Gee Watts Interview
Published in Blog Archive, Mills Record Co.. Tags: Interviews, Kansas City, Music.
“A certain sense of believable honesty combs through Gee’s lyrics,” writes The Smoking Section’s J. Tinsley, in his review of Gee Watts’ new Watts Up mixtape. “As does depth.” Gee Watts has two more things going for him that most rappers never achieve: he has patience, and he actually knows what he wants. A year ago at SXSW he teased working with one of his favorite MCs, but he waited until late last month to drop his “Watts R.I.O.T.” collaboration with Kendrick Lamar. (The KC Star has more on how that came together.) Instead of aimlessly releasing the track though (one guaranteeing him attention), he positioned himself to make the most of the opportunity.

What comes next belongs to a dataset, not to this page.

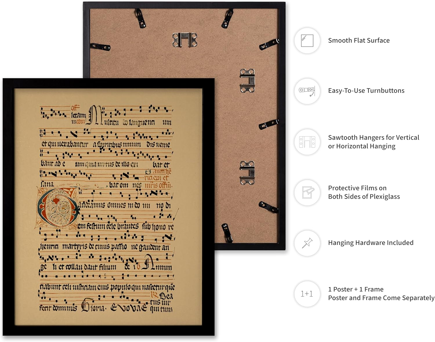 Poster Master Vintage Hymnal Poster - Retro Music Print - Gift for Artist, Friend - Graduale Aboense, Gregorian Chant Manuscript, Score - Wall Decor for Living Room, Bedroom, 11x14 Black Framed

On the heels of “R.I.O.T.” he dropped both a download and music video for “Quiet Place,” then another track titled “Premature Hate,” before releasing his fully-fleshed out Watts Up mixtape this past Sunday. And people are listening.

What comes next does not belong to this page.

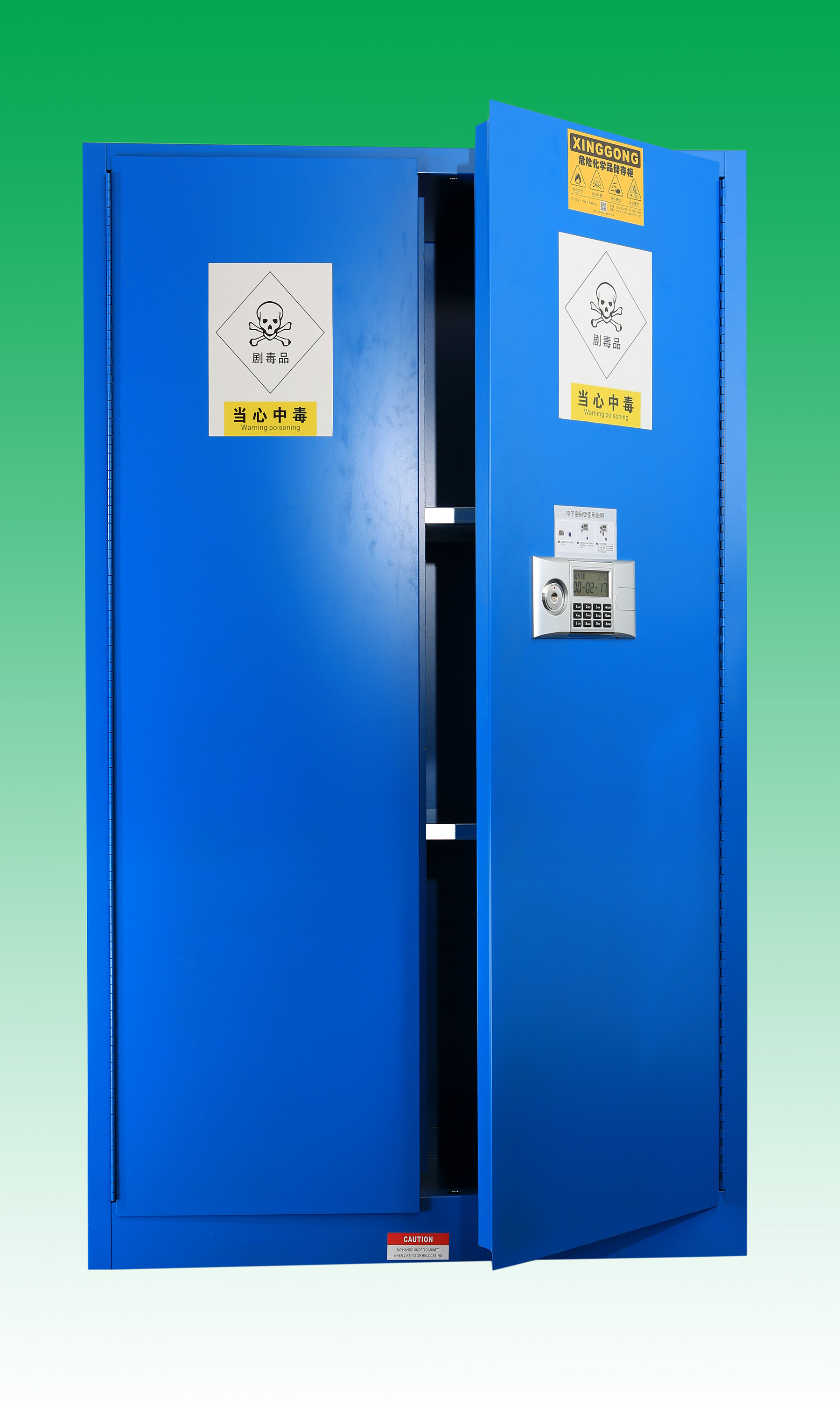危險(xiǎn)化學(xué)品儲(chǔ)存柜用于存放甲苯,高錳酸鉀等易制毒的危化品的安全防護(hù)用品: 特點(diǎn): 自動(dòng)報(bào)警,當(dāng)柜體產(chǎn)生劇烈震動(dòng)或密碼連續(xù)輸錯(cuò)3 次,密碼鎖會(huì)發(fā)出轟鳴聲自動(dòng)報(bào)警,報(bào)警時(shí)間將持續(xù) 30 秒左右,如想立即解除報(bào)警,輸入正確密碼即可。 1.易制毒化學(xué)品儲(chǔ)存柜全部采用雙層鋼板構(gòu)造,耐沖擊;厚度1.20mm的優(yōu)質(zhì)鋼板經(jīng)過點(diǎn)焊接,使用壽命更長,強(qiáng)度更好; 2.柜身全部酸洗磷化,環(huán)氧樹脂噴涂處理,可以耐受一定酸堿腐蝕; 3.配有電子密碼鎖和機(jī)械鎖雙鎖(另有指紋鎖,IC卡鎖可選); 4.獨(dú)特的耐腐蝕層板設(shè)計(jì),有5厘米高的防漏液槽使意外流出的液體不外溢; 5.層板可上下自由調(diào)節(jié)方便存放大小不一的危化品; 6.可選溫度控制系統(tǒng),恒溫系統(tǒng),可選柜身全耐腐蝕材質(zhì)(請查看我公司恒溫毒試劑柜或耐強(qiáng)酸堿毒試劑柜)。 功能: 一:符合易制毒安全存儲(chǔ)要求雙人雙鎖管理。 二:保護(hù)毒物安全,免受盜竊丟失危害。 三:可選控溫功能,保護(hù)毒物安全。 安全建議: 您可以為您的安全儲(chǔ)存柜選配通風(fēng)裝置或過濾裝置,可以將有害氣體及時(shí)過濾或者排出室外,保護(hù)工作人員安全! 門板顏色可選:灰色 ,*藍(lán) ,寶石藍(lán) : 產(chǎn)品名稱 容量/規(guī)范 產(chǎn)品規(guī)格(W*D*H) 危險(xiǎn)化學(xué)品儲(chǔ)存柜 12加侖,單門,環(huán)氧樹脂噴涂,電子密碼鎖+機(jī)械鎖580mmW*460mmD*890mmH (獨(dú)有的耐腐蝕的PP槽型層板) 危險(xiǎn)化學(xué)品儲(chǔ)存柜 16加侖,環(huán)氧樹脂噴涂,電子密碼鎖+機(jī)械鎖 580mmW*460mmD*1120mmH (獨(dú)有的耐腐蝕的PP槽型層板) 危險(xiǎn)化學(xué)品儲(chǔ)存柜 22加侖,環(huán)氧樹脂噴涂,電子密碼鎖+機(jī)械鎖 890mmW*560mmD*890mmH (獨(dú)有的耐腐蝕的PP槽型層板) 危險(xiǎn)化學(xué)品儲(chǔ)存柜 24加侖,環(huán)氧樹脂噴涂,電子密碼鎖+機(jī)械鎖 1090mmW*300mmD*1120mmH (獨(dú)有的耐腐蝕的PP槽型層板) 危險(xiǎn)化學(xué)品儲(chǔ)存柜 30加侖,環(huán)氧樹脂噴涂,電子密碼鎖+機(jī)械鎖 1090mmW*460mmD*1120mmH (獨(dú)有的耐腐蝕的PP槽型層板) 危險(xiǎn)化學(xué)品儲(chǔ)存柜 45加侖,環(huán)氧樹脂噴涂,電子密碼鎖+機(jī)械鎖 1090mmW*460mmD*1650mmH (獨(dú)有的耐腐蝕的PP槽型層板) 危險(xiǎn)化學(xué)品儲(chǔ)存柜 60加侖,環(huán)氧樹脂噴涂,電子密碼鎖+機(jī)械鎖 900mmW*900mmD*1650mmH (獨(dú)有的耐腐蝕的PP槽型層板) 危險(xiǎn)化學(xué)品儲(chǔ)存柜 90加侖,環(huán)氧樹脂噴涂,電子密碼鎖+機(jī)械鎖 1090mmW*900mmD*1650mmH (獨(dú)有的耐腐蝕的PP槽型層板) |

He’s making the most of his moment, but the Kansas City MC is not an empty opportunist: the sounds beneath him on Watts Up range from dense to energetic, allowing him to showcase the numerous aspects of what makes him who he is. And in his music that voice tends to reflect a lot of anger and violence, with themes often projecting a core outlook of general distrust. In this Q&A we talk a little bit about that, but beyond those themes is someone who would seem emotionally removed from that darkness. Listen to the tape’s title track or follow his interaction on Twitter: While his history has certainly helped shape who he is, Gee Watts knows when not to take himself too seriously, too.
You’ve been openly critical of your early material, calling it “bullshit” in an old FlyTimes interview. Talking to Chris at Demencha a few years back you said that you took down six or seven albums because you felt they didn’t reflect your evolving voice. When did you first start to gain confidence in the flow you were projecting?
I’ve always been A1 on stage, but only recording for a year and half at the time. I hadn’t found my voice on the mic. I never rapped out loud, it was always something I wrote down and rapped back in my head. I also knew K.Dot, Kanye, would blow before they did, and I’ve only listened/liked good shit. So I knew when I could listen to my shit and like it (cuz the bars was always there… just delivery) I’d be ready. That time is now.
Do you ever revisit those early songs? What sort of thoughts come to mind when you see an early video like this?
Bars, dummy bars, max bars, like level four. BUT, my voice wasn’t my voice. Now my voice is it’s own. My stage presence wasn’t up to par, but that was my second or third show ever. God has brought me a long way. I’m grateful for being able to open for a nigga I listened to as a youth.
In that same Demencha interview you said “I want to introduce the world to Kansas City.” Who are the voices in KC right now who inspire you?
Ron Ron, Rich The Factor, Greg Enemy, Abnormal (abby niggy normal), and even Tech. I respect anybody who has made a lane for themselves out of the city. Not just music, but life. Aldon Smith, Alec Burks, eybody.
One of the themes that runs throughout Watts Up is one of trust and honesty, something you’ve said in interviews means a lot to you in MCs. How much of the violence projected throughout the mixtape comes from first-hand experience? Do you feel rappers have to be honest about their personal experiences when telling stories through their music?
Yea, on my next project I have a song called “Flat Line” where I said “At 9 I saw my big homie fall at 14, his body laid lifeless as blood covered his jeans, Timbs on his feet, bumble bee tape markin’ the scene. Still to this very day I hear his mama screams. Growin’ up this way imagine the drama it brings…” I don’t glorify because there was no glory in being 9 seeing somebody you looked up to, dyin’. But it happens, so I rap it and in the most honest way.
It’s been a joke on your Twitter, but a few comments across the web have pointed out the Freemason symbolism of your cover. The cover’s design had to be intentional, but what was the statement you were trying to make with it?
I am Gee, what’s in the middle of the FM sign…? Chea, New World Order is here… and it begins in KC… the town. We all comin’ my nig haha… blessings to you.